Acuerden de antemano cómo actuar ante cualquier actitud o comportamiento negativo, de modo que su hijo perciba que se apoyan el uno al otro. Ej.: “No es correcto que le hables de esa manera a tu madre/padre y esta es la consecuencia…”

Conversen con su hijo sobre situaciones hipotéticas. Eso les reafirmará que será capaz de tomar buenas decisiones en circunstancias difíciles o riesgosas. Ej.: Saquen de manera casual en la conversación escenarios sobre los que hayan sabido sin mencionar nombres. Pregunten a su hijo qué hubiera hecho él en tal o cual situación. Si su respuesta es razonable, déjenle saber que les complace su forma de pensar y añadan algunas sugerencias. Si su respuesta no es satisfactoria, sugieran posibles consecuencias y pregúntenle qué otra cosa podría hacer en vez de eso.

Sepan que construir confianza y carácter lleva su tiempo. Háganle saber a su hijo que mientras más confiable demuestre ser, más confianza le van a tener. Quieren que se divierta, pero también lo aman y por ende, su seguridad es su principal preocupación. A veces deben tomar decisiones difíciles, pero al apegarse a las reglas le demuestran su amor, aun cuando se topen con una expresión de tristeza, decepción o enojo. No doblarse ante la presión cuando las cosas no les parecen seguras es una habilidad que esperan que su propio hijo ejercite cuando se aventure en el mundo.

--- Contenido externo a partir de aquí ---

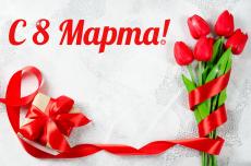 Wallpaper Bouquet of yellow tulips with a ribbon and a gift on a gray background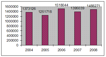 При оценке структуры просроченных платежей по акцизам, можно выделить ряд особенностей. Во-первых, за анализируемый нами период, она не была однородной, удельный вес задолженности по каждому из видов подакцизной продукции постоянно изменялся. Во-вторых, в 2006 г. в структуре просроченных платежей доминировали задолженности по спирту этиловому из всех видов сырья (в том числе этиловый спирт сырец из всех видов сырья) , и составил 49,22%, и по пиву – 47,3%. Что касается недоимки по алкогольной продукции с объемной долей спирта этилового свыше 25 %, то она составила 1,1%; алкогольная продукция с объемной долей спирта этилового до 9% включительно – 0,01% от общей суммы просроченных платежей по акцизам; задолженность по винам – 2,17%. В 2007 г. структура кардинально изменилась. Наибольший удельный вес заняли недоимки по алкогольной продукции с объемной долей спирта этилового свыше 25 % - 60,54% (по сравнению с 2006 г. увеличился на 13,24%, или на 67 062 руб.). Просроченные платежи по спирту этиловому из всех видов сырья (в том числе этиловый спирт сырец из всех видов сырья) составили 36,55% (сократились на 12,67%, или на 21 012 руб.). Удельный вес задолженности по винам сократился в 1,93 раза и составил 1,13% (хотя, фактически задолженность увеличилась на 5,4 тыс. рублей). Недоимка по пиву сократилась на 44 535 рублей, и составила всего 0,000543% в общей структуре задолженности. В 2008 г. задолженность по спирту этиловому из всех видов сырья (в том числе этиловый спирт сырец из всех видов сырья) составила 97,48%, что в 2,66 раза и на 34 962 руб. больше, чем за 2007 г. Недоимки по просроченным платежам за вино составили 2,25% от общей структуры задолженности, что на 1,13% и на 265 тыс. руб. превышает уровень 2007 г. В то время, как недоимок по алкогольной продукции с объемной долей спирта этилового свыше 25 % и по алкогольной продукции с объемной долей спирта этилового до 9% в 2008 г. не было. Рассмотрим динамику просроченных платежей по НДС за 2004 – 2008 гг., которая представлена на рисунке 7. Наибольшая недоимка по НДС наблюдалась в 2006 г. – 1 518,044 тыс. рублей, что составило 121 % от уровня 2005 г. Наименьшая задолженность – в 2005 г. – 1251,718 тыс. рублей, (91 % от 2004 г.) В 2008 г. задолженность удалось снизить на 101 451 руб., до 1,4328 тыс. рублей. Проанализируем структуру просроченных платежей. За анализируемый нами период 2006 – 2008 гг. значительных изменений не наблюдается. Наибольший удельный вес занимает задолженность по НДС – 35%, 35,53% и 38,52% соответственно за 2006, 2007 и 2008 гг. Увеличение просроченных платежей по НДС в 2007 г. составило 216,1 тыс. рублей.

Cuando sea necesario, busquen ayuda profesional, lo cual es muestra de amor, no de debilidad
Un terapeuta los puede ayudar a formular sus preocupaciones y conflictos, con el objeto de encontrar soluciones que funcionen para todos.

Ante la duda, recuerden que los adolescentes suelen admitir que los padres demasiado permisivos no se preocupan lo suficiente por sus hijos. Así que, muy en el fondo, saben que a veces un “NO” es en realidad un “SÍ” al profundo amor que sienten por él.

(La Dra. Lynda S. Madison es psicóloga clínica, autora y directora de FOCCUS, Inc. USA., especialista en temas relacionados con niños, familias y matrimonios.)